* **Extracted records**:
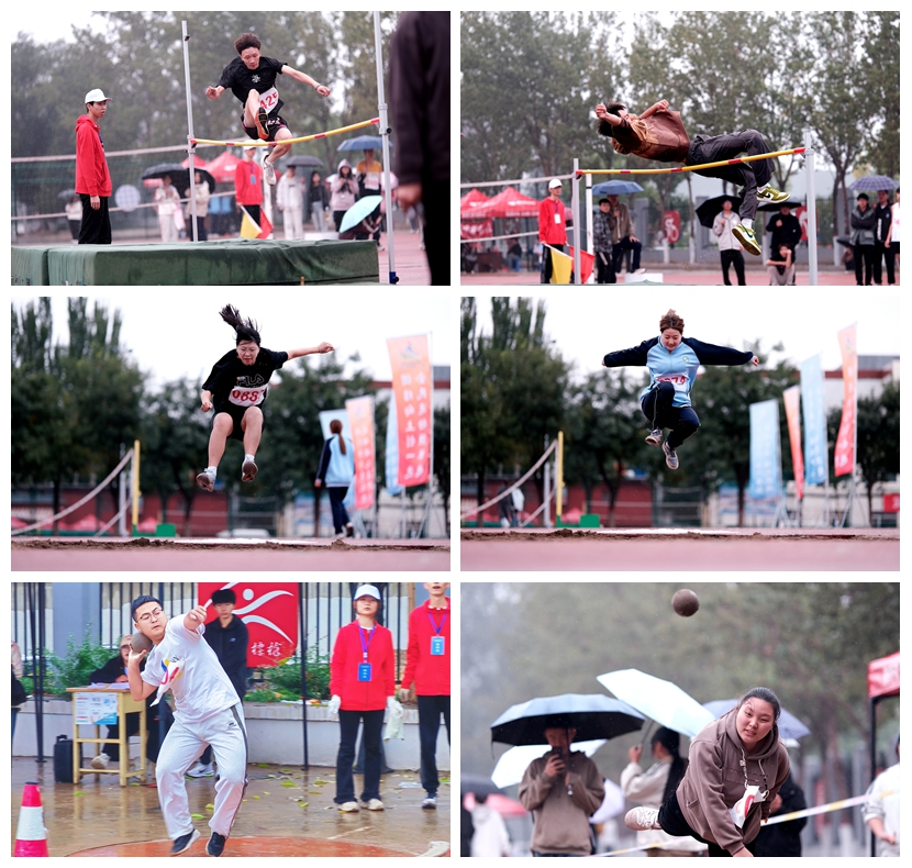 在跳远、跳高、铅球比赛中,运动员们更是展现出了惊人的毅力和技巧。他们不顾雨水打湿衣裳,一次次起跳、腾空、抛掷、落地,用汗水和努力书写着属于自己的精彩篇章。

==

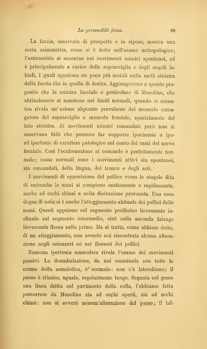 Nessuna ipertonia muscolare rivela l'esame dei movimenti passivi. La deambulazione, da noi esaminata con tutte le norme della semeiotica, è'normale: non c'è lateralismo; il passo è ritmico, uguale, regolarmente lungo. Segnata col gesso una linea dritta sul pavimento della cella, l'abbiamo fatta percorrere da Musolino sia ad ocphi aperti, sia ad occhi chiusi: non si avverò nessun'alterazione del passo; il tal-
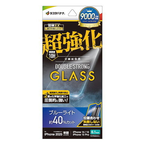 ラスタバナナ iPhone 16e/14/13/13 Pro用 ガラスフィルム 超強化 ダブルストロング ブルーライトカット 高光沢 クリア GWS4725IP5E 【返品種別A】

* **What needs to be done**:
All that should appear in the answer is the lines above from the line with "Nessuna ipertonia muscolare" through the line with "ラスタバナナ iPhone 16e/14/13/13", retyped exactly, pictures left out.

* **Reply**:
 Nessuna ipertonia muscolare rivela l'esame dei movimenti passivi. La deambulazione, da noi esaminata con tutte le norme della semeiotica, è'normale: non c'è lateralismo; il passo è ritmico, uguale, regolarmente lungo. Segnata col gesso una linea dritta sul pavimento della cella, l'abbiamo fatta percorrere da Musolino sia ad ocphi aperti, sia ad occhi chiusi: non si avverò nessun'alterazione del passo; il tal-
 ラスタバナナ iPhone 16e/14/13/13 Pro用 ガラスフィルム 超強化 ダブルストロング ブルーライトカット 高光沢 クリア GWS4725IP5E 【返品種別A】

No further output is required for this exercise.